At the end of his commentary, as we watch the closing scene of the film, Joffé gives a brief tribute to Ngor. The story of his life after The Killing Fields is one of both great triumph and ultimate catastrophe. After appearing in a handful of other, lesser films, including Oliver Stone's Heaven and Earth, Ngor wrote a moving memoir that he called A Cambodian Odyssey. In it, he told the story of his wife, Chang My Huoy, who was also a doctor, trapped with him in Cambodia by the Khmer Rouge. She was pregnant, and since the Khmer Rouge would've killed them both if they'd known they were doctors, Ngor, who was an Obstetrician and Gynecologist, could do nothing to save her when she miscarried and died. Haing placed a picture of her inside a gold locket and swore to always wear it. A photo of the open locket is on the dust cover of the book. Because Ngor refused to surrender the locket to some Asian gang members who held him up in a parking garage near his home in Chinatown in Los Angeles in 1996, they murdered him. Joffé said that it was perhaps fitting that Ngor should've died violently, like so many of the people he loved.

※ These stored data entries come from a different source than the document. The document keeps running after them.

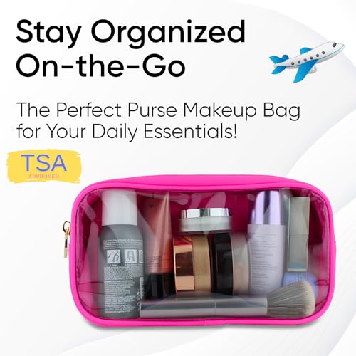 HOT ! DANCOUR Clear Makeup Bag Mini Makeup Bag for Purse Mini Pouch Purse Clear Small Cosmetic Pouch Cosmetic Travel Case (Small, Hot Pink)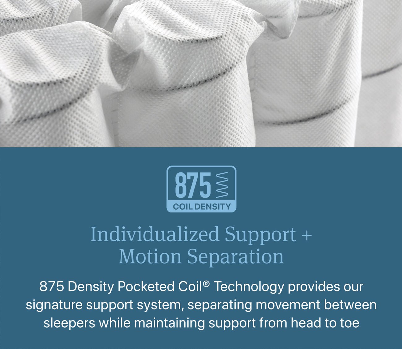 - 875 Density Pocketed Coil® Technology: Personalized support in any sleeping position and motion isolation properties.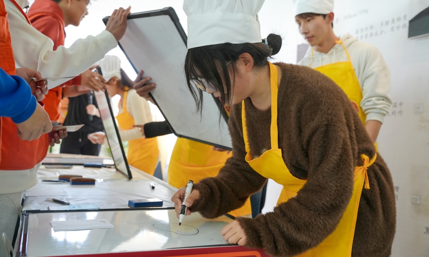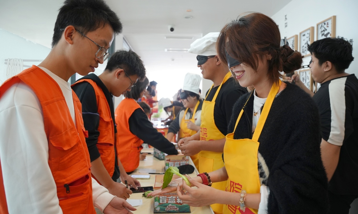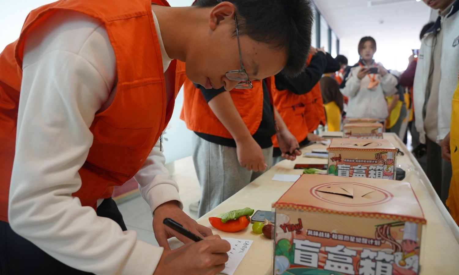 厨房从不止于柴米油盐的琐碎,更藏着同频协作的欢乐。从“食材盲盒触感竞猜”的指尖侦察,到“美食术语你画我猜”的灵魂画技,书院er们在“趣味闯关赛”的游戏互动中尽情释放感知力与团队默契,让赛场在阵阵笑声中热度飙升。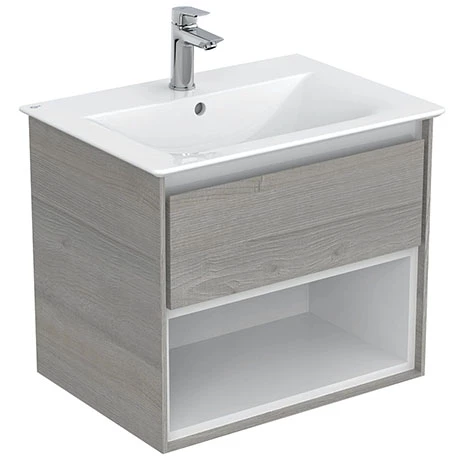 Ideal Standard Connect Air Wood Light Grey 600mm Wall Hung Vanity Unit with Open Shelf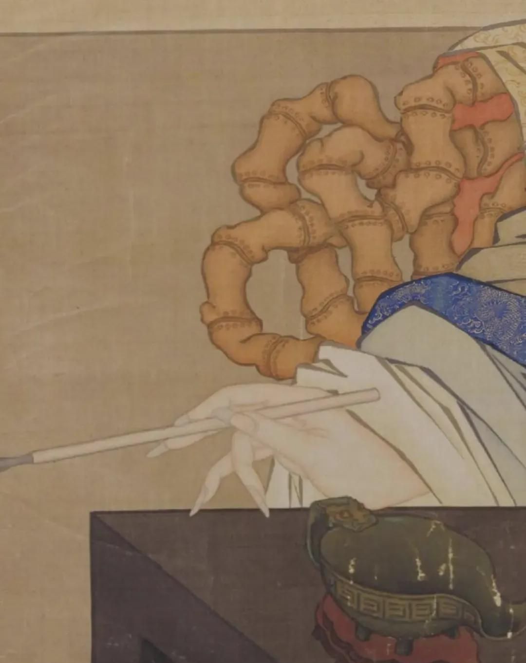 乾隆也爱留长甲,作为历史上在位最长的皇帝肯定也很奢靡,下图古画是一位洋人所画,无论是神态还是服饰的褶皱都描画了出来,一身文人装扮颇有文人的风骨,最抢眼的还是那双手,纤纤玉指说的就是这样吧,古人的长指甲和“孝”扯不上关系的,唐朝名医孙思邈中的《千金方》中就提到过:”寅日剪指甲,午日剪足甲,烧白发并吉“,说明古人没有那么不讲究,纯粹就是有钱的人生活太闲了,给自己找点小爱好。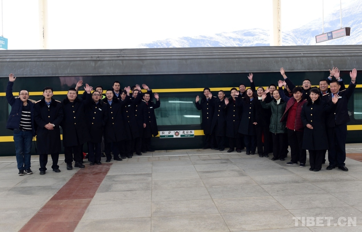 在拉薩火車(chē)站站臺(tái)上,我與乘務(wù)員們眼噙淚水,與無(wú)數(shù)次行駛在藏北高原的列車(chē)拍照留念。為優(yōu)化進(jìn)藏列車(chē)運(yùn)行線路,推進(jìn)東北地區(qū)等老工業(yè)基地的振興,從2016年2月1日至5日,京藏列車(chē)的5個(gè)車(chē)體由北京鐵路局移交沈陽(yáng)鐵路局,整趟列車(chē)線路以后延伸至沈陽(yáng),北京改為經(jīng)停站。2017年,這趟列車(chē)又移交給了青藏鐵路公司負(fù)責(zé)運(yùn)行。

So many factors contributed to the success of the film. David Putnam, the head of Goldcrest, produced the film and hand picked Joffé to direct it. Bruce Robinson wrote a workable script from quite unwieldy material. Chris Menges contributed superb cinematography, making Southeast Asia look quite different from Francis Ford Coppola's or Oliver Stone's (they shot their films in the Philippines, which incidentally doesn't look anything like Vietnam.) And Mike Oldfield, of "Tubular Bells" fame, wrote a very nervy, arresting and sometimes uplifting musical score. Because it's such a superbly made film, thirty years after it was made The Killing Fields has become an indelible part of how we think about Cambodia's tragic history.